##### Data

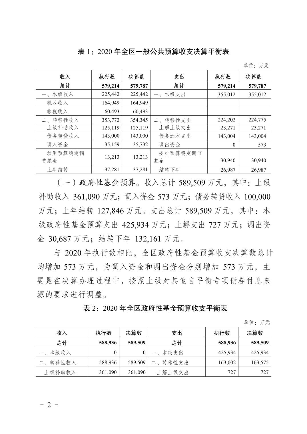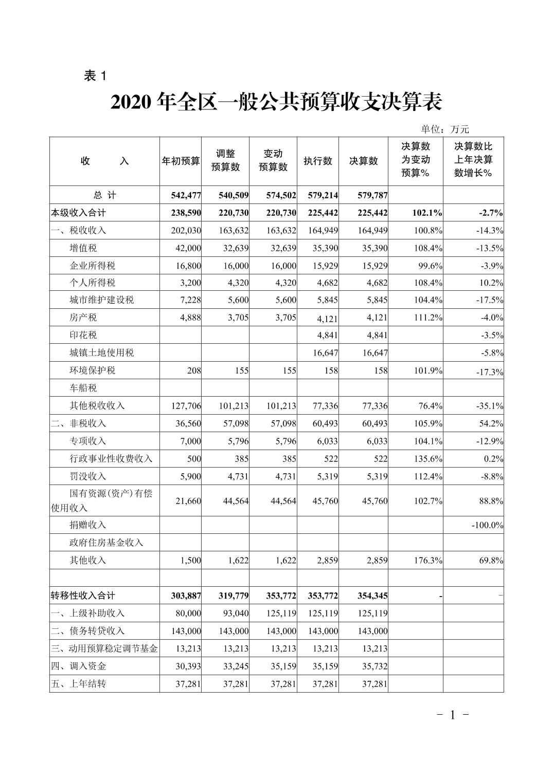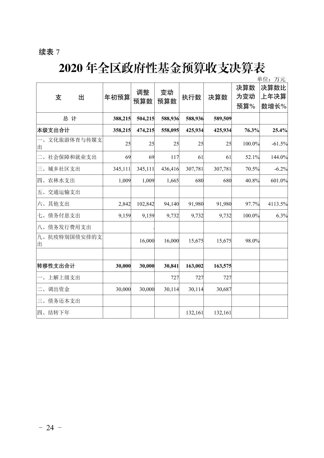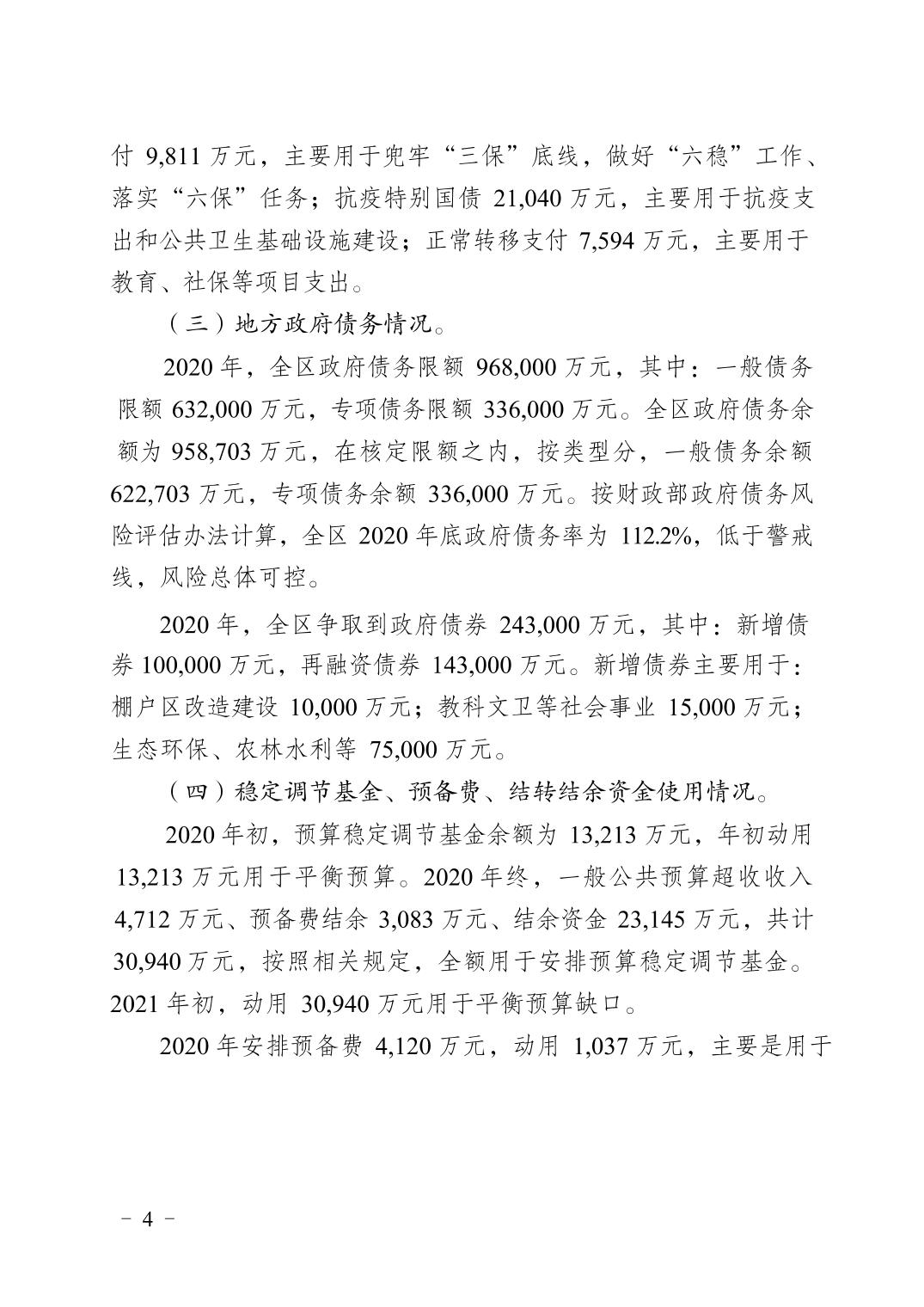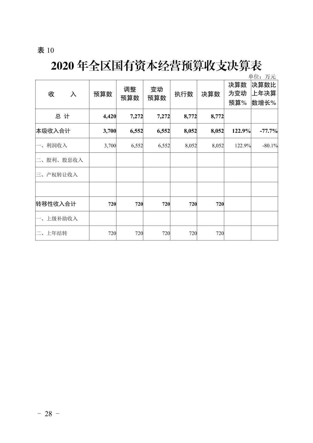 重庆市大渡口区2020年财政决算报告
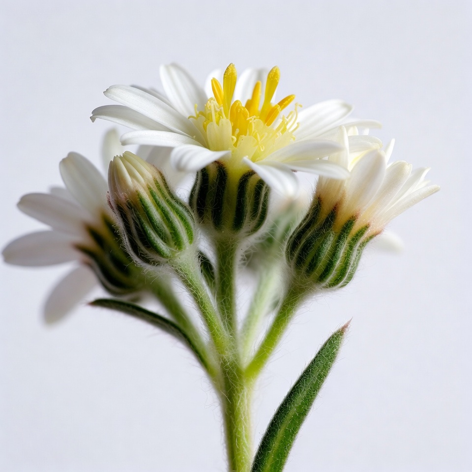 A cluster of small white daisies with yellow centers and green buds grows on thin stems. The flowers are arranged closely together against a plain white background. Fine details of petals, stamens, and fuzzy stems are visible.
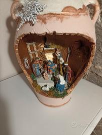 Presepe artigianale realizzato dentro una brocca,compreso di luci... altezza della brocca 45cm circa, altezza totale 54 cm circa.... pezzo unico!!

##########

> Required action:
Only the pictures should be left out; the rest of the material above must be repeated exactly.

> Result of the exercise:
 重庆市大渡口区2020年财政决算报告
 A cluster of small white daisies with yellow centers and green buds grows on thin stems. The flowers are arranged closely together against a plain white background. Fine details of petals, stamens, and fuzzy stems are visible.
 Presepe artigianale realizzato dentro una brocca,compreso di luci... altezza della brocca 45cm circa, altezza totale 54 cm circa.... pezzo unico!!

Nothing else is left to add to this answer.